1. Accelerating the grayscale response speed: the OD enlarged values of the present invention is by calculating with shrink OD values, and the shrink OD values are shrink from OD measured values, so the present invention does no need to download and check every real OD value.

2. More accurate display: the way of getting OD enlarged values of the present invention is mentioned above, so the OD enlarged values are nearly the same as real OD measured values. That makes the present invention can more accurate display.

3. Saving hardware source for memory: that is because of that the storage space of the OD enlarged values of the present invention is smaller than OD measured values.

4. Wider working range, with the storage space advantage mentioned above, the present invention can have different OD enlarged value tables for satisfying different using demands in different places, latitudes, and working environments.

In conclusion, according to the description disclosed above, the present invention surely can achieve the expected object thereof to provide a faster and more accurate responding and displaying color display system for various color display devices, it has a high industrial value. Therefore, what we claim as new and desire to be secured by Letters Patent of the United States are:

Claims

1. A color display system having: a color signal source for proving color signal; a buffer unit for temporary saving a grayscale of a pre-frame of a color display system; a storage unit for saving OD (Over Driving) shrink value tables P, Q, R, and S; an enlarging module for enlarging OD values, including a collecting unit, a calculating unit, and a enlarging unit; a comparing unit; and a multi-functional comparing unit; the color display system comprising the steps of: (1) inputting a grayscale of a pre-frame from the buffer unit to the enlarging module, and inputting grayscale of a now-frame from the color signal source to the comparing unit, the now-frame is after the pre-frame; (2) the collecting unit collecting some specific shrink OD values from the shrink OD value tables P, Q, R, and S by reference the grayscales of the pre-frame and the now-frame to build grayscale functions g1(y), g2(y) h1(x), and h2(x), calculating the grayscale functions by the calculating unit to develop grayscale functions g(y) and h(x), then the enlarging unit enlarging and getting a OD enlarged value with the function ƒ(x, y)=c×h(x)×g(y); (3) the comparing unit comparing the grayscales of the pre-frame and the now-frame, if the grayscales being the same or nearly the same, the comparing unit submitting a signal for OD technique free; and (4) the OD enlarged value, the grayscale of the now-frame, and the signal for OD technique free can being inputting into the multi-functional comparing unit, if the multi-functional comparing unit get the signal for OD technique free, it submitting the grayscale of the now-frame, if not, submitting the OD enlarged value; thereby, running the steps above for a color display system faster and more accurate displaying.

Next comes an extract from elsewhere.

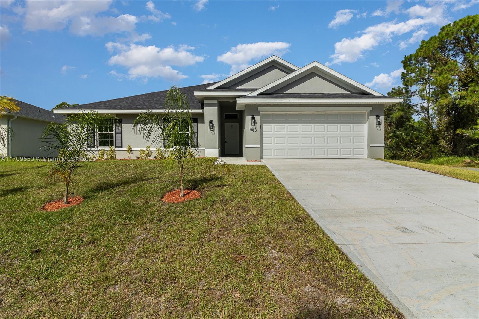 Reduced price now!! Experience modern Florida living in this brand-new 2024 construction home, located in a quiet, desirable area of Palm Bay. With 4 spacious bedrooms and 2 bathrooms, this home offers comfort, elegant design, and **THE BEST PRICE BY SQUARE FOOT IN ALL PALM BAY**—a true value. The open-concept layout connects living, dining, and kitchen areas, creating a bright, welcoming space. High ceilings enhance natural light and openness. The master suite features a large, well-lit bathroom. A smart split floor plan offers privacy, and the 4th bedroom adds flexibility as an office or guest room. Situated on a corner lot and elevated about 4 feet, this home has great curb appeal. Don’t miss this rare opportunity!

2. The color display system as in claim 1, wherein said shrink OD value tables P, Q, R, and S are shrink OD value tables P1-PN, Q1-QN, R1-RN and S1-SN, which depends on temperature, N is the sum number of the tables.

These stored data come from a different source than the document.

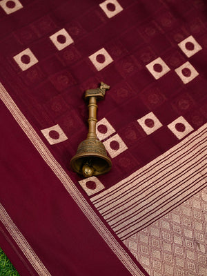 Directly crafted from the heart of Banaras, this wine Silk Banarasi Saree combines traditional artistry with modern elegance. Its soft fabric offers effortless draping and lightweight comfort, making it an ideal choice for young women who appreciate timeless style with a contemporary touch.
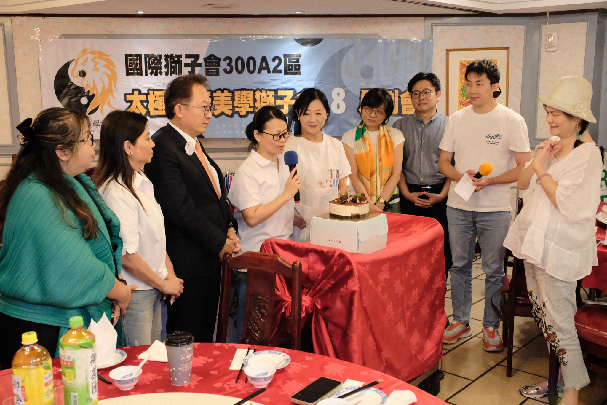 經過一天辛勞但成果豐碩的的捐血社服, 太極藝術美學獅子會接著來到天然臺湘菜餐廳舉辦八月例會, 謝謝秘書長蒞臨指導並致贈社服金
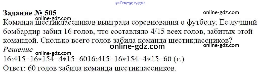 Готовые домашние задания по Математике за 6 класс Учебник Мерзляк, Полонский Алгоритм успеха 2016 - Глава 2. Обыкновенные дроби (упражнения) 505

3. The color display system as in claim 1, wherein said enlarging module further has a compensating unit for choosing some specific shrink OD value tables from the shrink OD value tables P, Q, R and S depends on temperature demands and inputting to the collecting unit.

4. The color display system as in claim 1, wherein said function ƒ(x, y)=c×h(x)×g(y) can be polynomial, bilinear, or liner combination of orthogonal functions.

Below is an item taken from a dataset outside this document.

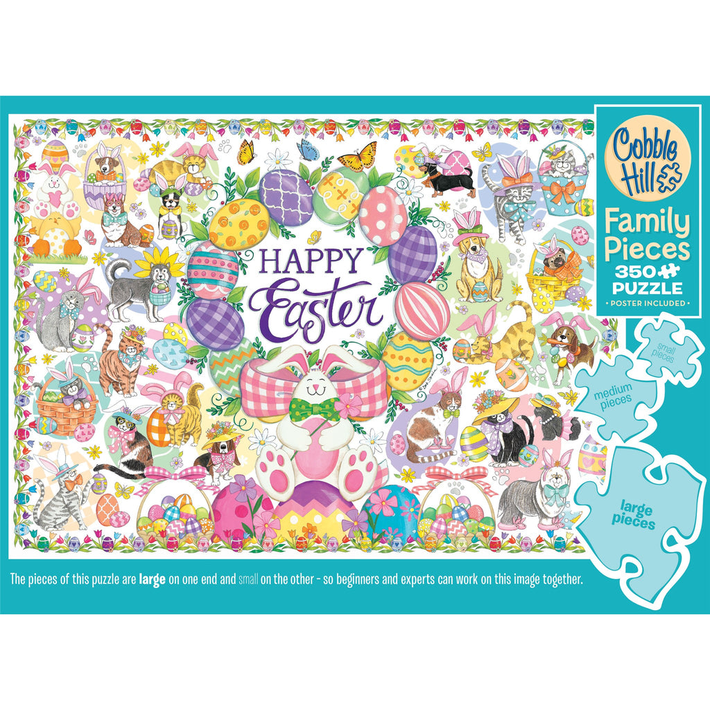 It's an egg-splosion of spring goodness! There is so much to discover - it's almost like an Easter egg hunt got packed into a puzzle box! This is a Family Pieces puzzle. On one side of the puzzle, the pieces are small - perfect for adults - on the other side of the puzzle the pieces are large - perfect for kids. This way puzzlers of all ages and skill levels can work together. Cobble Hill puzzles feature interesting random-shaped pieces, so no two pieces are alike. Includes a handy poster.

5. The color display system as in claim 1, wherein said color signal is at least one of 8 bits red, green, and blue color signals (R, G, B).

6. The color display system as in claim 1, wherein the OD enlarged value submitted from the multi-functional comparing unit can be output to a panel, driver, or T-con (Timing Controller).

7. The color display system as in claim 1, wherein the system is LCD (liquid crystal display), PDP (Plasma Display Panel), TFT, OLED (Organic Electro Luminesence Display), or PLED (Polymer OLED).